This is a snakemake workflow for profiling microbial communities from amplicon sequencing data using dada2. DADA2 tutorial can be found from https://benjjneb.github.io/dada2/index.html. The initial code was cloned from https://github.com/SilasK/amplicon-seq-dada2 and modified to make a workflow suitable for our needs.
In this pipeline, species assignment is accomplished through the application of two methods:
1- DADA2: a naive Bayesian classifier method (https://pubmed.ncbi.nlm.nih.gov/17586664/), where a strict requirement of a 100% nucleotide identity match between the reference sequences and the query is employed. Four different databases were used for taxonomy assignmnet. However, for final assignmnet, GTDB assignment was used and where GTDB was unable to provide an annotation for an ASV, we utilized the corresponding annotation from the URE database.
2- VSEARCH: a global sequence alignment method with adjustable identity threshold between query and potential target sequences. VSEARCH, an open-source alternative to the widely utilized USEARCH tool, is employed in this context. VSEARCH excels in performing optimal global sequence alignments for the query against potential target sequences. For a more comprehensive understanding of this methodology, please refer to the paper available at https://www.ncbi.nlm.nih.gov/pmc/articles/PMC5075697/ and the manual at https://github.com/torognes/vsearch/releases/download/v2.27.0/vsearch_manual.pdf. GTDB database was used for final taxonomy assignmnet and where GTDB was unable to provide an annotation for an ASV, we utilized the corresponding annotation from the URE database.
Finally for combining the annotation results from Vsearch and DADA2, we prioritized annotations from VSEARCH over those from the DADA2 RDP classification. This approach ensures a comprehensive and accurate taxonomy assignment by leveraging the strengths of multiple databases and methodologies.
Input:
- Raw paired-end fastq files
- samples.tsv example
Output: For more details on output files please check section 4.
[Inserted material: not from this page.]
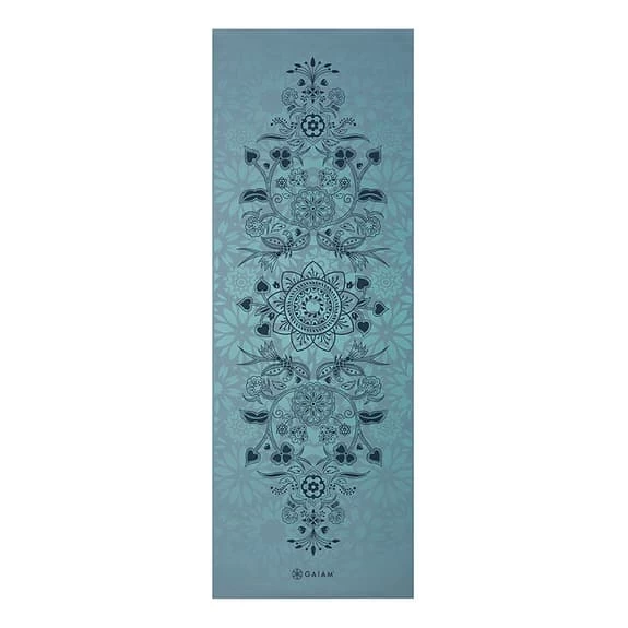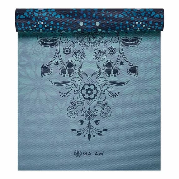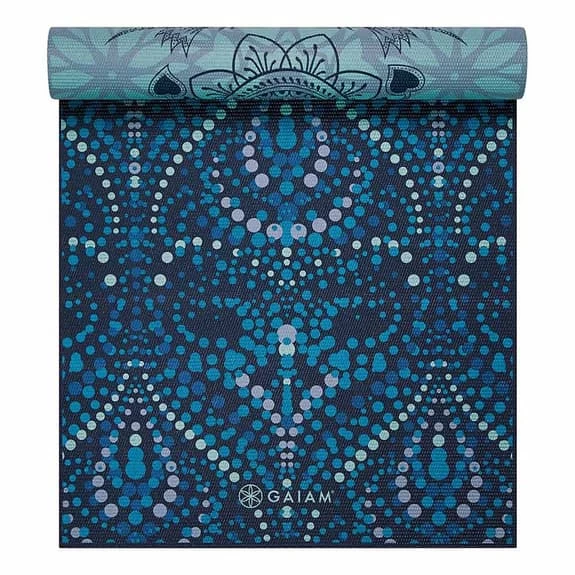 The Gaiam Reversible Mystic Sky Mat with 6 mm thick cushioning and a textured surface keeps you grounded while you move in your practice. Latex-free PVC is non-toxic and free of the six most harmful phthalates.
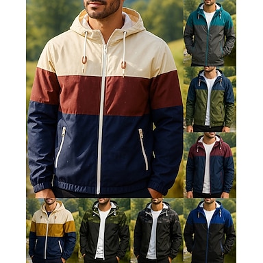 Herren Windjacke Softshelljacke Wanderjacke Außen Wasserdicht Winddicht Wanderoutfits Wanderbekleidung Frühling Herbst Oberteil Camping / Wandern / Höhlenforschung Laufen Patchwork Armeegrün Rot

- Taxonomy assignment tables
- ASV abundance table
- Summary of reads count at each step of the ppipeline
- ASV sequences in a fasta format
- A phylogenetic tree
- A QC report file
Certain rules are executed only when their corresponding parameters are set to True in the configuration file.
The filterNsRaw and primerRMVinvestigation rules are used to examine primers in reads both before and after removal and are triggered if the primer_removal parameter is set to True.
The read_subsampling rule is performed when the subsample parameter is set to True, allowing error rates to be learned from a larger set of samples.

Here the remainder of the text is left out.